Swap the clamp. At least then you'll know that some schmuck isn't going to hang it without the safety since it was 'swiped'. Then again, I guess I'm one of the ones who thinks everyone should have a surplus of safeties so the event need not occur in the first place .


----------



## chris325 (Feb 1, 2010)

Swapping the clamp seems like it would be a big hassle compared to just having enough safeties available to have one on every hung fixture, and a bunch of extras. Permanent ones seem simply inconvienent.


----------



## Les (Feb 1, 2010)

chris325 said:


> Swapping the clamp seems like it would be a big hassle compared to just having enough safeties available to have one on every hung fixture, and a bunch of extras. Permanent ones seem simply inconvienent.

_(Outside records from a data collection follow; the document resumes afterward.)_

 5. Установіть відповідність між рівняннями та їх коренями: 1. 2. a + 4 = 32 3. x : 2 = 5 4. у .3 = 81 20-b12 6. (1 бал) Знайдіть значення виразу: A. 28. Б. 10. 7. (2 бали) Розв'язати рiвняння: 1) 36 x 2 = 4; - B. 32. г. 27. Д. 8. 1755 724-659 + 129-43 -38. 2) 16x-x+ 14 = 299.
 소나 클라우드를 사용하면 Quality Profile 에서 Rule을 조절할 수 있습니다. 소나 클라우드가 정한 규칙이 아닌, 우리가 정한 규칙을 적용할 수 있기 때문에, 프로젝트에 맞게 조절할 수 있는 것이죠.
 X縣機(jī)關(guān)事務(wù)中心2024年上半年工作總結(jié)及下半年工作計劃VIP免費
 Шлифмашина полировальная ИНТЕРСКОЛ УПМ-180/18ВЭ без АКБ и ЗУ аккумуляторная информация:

A bigger hassle is finding that half of your instruments in storage are sans safety cable. That's why my vote is also surplus. 

All in all, this is a pretty moot point. One should always make sure they are fully prepared, with all the materials necessary to hang a light prior to even removing it from the storage room. 

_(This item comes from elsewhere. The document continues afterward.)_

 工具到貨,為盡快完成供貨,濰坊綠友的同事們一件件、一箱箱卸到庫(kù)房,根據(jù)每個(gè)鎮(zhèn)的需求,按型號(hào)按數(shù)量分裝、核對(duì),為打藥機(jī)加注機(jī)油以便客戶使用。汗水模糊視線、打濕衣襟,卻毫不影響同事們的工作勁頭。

I agree that these clamps would be a hassle if you have a half-and-half inventory, but if these clamps make up 100% of your inventory, I don't see a problem.


----------



## masterelectrician2112 (Feb 2, 2010)

I have been meaning to ask the director (who is also the TD and Theatre teacher) to get some more.


----------



## bull (Feb 2, 2010)

We don't have the money for more, so I usually end up making them. Which isn't usually a problem, but we're out of clips, so now I can't. I had to hang a ton of pars in our black box, so guess what, I now have 6 S4 JR ERSs that are safety cable-less...


----------



## Les (Feb 2, 2010)

bull said:


> We don't have the money for more, so I usually end up making them. Which isn't usually a problem, but we're out of clips, so now I can't. I had to hang a ton of pars in our black box, so guess what, I now have 6 S4 JR ERSs that are safety cable-less...



Safety cables are only a couple of dollars a piece. It costs more to make them than it does to buy them premade. I promise the department can scrape together the money to buy at least a handful of safeties. For less than 20 bucks, those 6 Source Fours would have safety cables. 

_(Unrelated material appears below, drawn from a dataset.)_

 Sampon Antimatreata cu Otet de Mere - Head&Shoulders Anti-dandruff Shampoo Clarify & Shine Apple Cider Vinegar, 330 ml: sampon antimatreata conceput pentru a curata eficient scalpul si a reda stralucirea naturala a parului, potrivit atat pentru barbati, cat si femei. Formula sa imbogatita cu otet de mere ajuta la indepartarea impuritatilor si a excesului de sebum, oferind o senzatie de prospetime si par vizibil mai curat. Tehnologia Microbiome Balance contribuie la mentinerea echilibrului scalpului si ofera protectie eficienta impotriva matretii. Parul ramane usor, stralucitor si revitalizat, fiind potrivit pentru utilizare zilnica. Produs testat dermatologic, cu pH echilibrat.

Making them yourself isn't a bad alternative if doing a large lot and perhaps they need to be a certain length, but take in to consideration that the guidelines and materials used to make a proper safety cable are extremely tight.


----------



## bull (Feb 2, 2010)

Yea, I mean I use the same aircraft cable used in standard pre-made safety cables, just make them myself, I have to use what we have, the department won't spend any money on anything for me right now, they say "use everything that we have, and if it doesn't work fix it" well I'm sorry, if it's broken, I need to replace the broken part, I apologize for not knowing how to make lenses for spotlights... hahaha.


----------



## Les (Feb 2, 2010)

I understand where you're coming from, believe me on that!

Hopefully you are using copper Nicopress Sleeves and not aluminum (you saw what happened to your Little Clamp  )
Also, what type of snap/clip do you use? Search the forums for home made safety cables, there's been a lot of good discussion on the subject over the years including tons of tips, tricks and necessary evils to making them yourself.


----------



## bull (Feb 6, 2010)

Seeing as I use the came cable for my rigging and safety cables, and occasionally use my safety cables in rigging, I use cosby bolts so that I can adjust the size of the cable easily.


----------



## Chris15 (Feb 7, 2010)

bull said:


> I use cosby bolts so that I can adjust the size of the cable easily.



Which, from my recollections of the discussions over the years, are not rated for the shock loading a safety cable is intended to sustain...


----------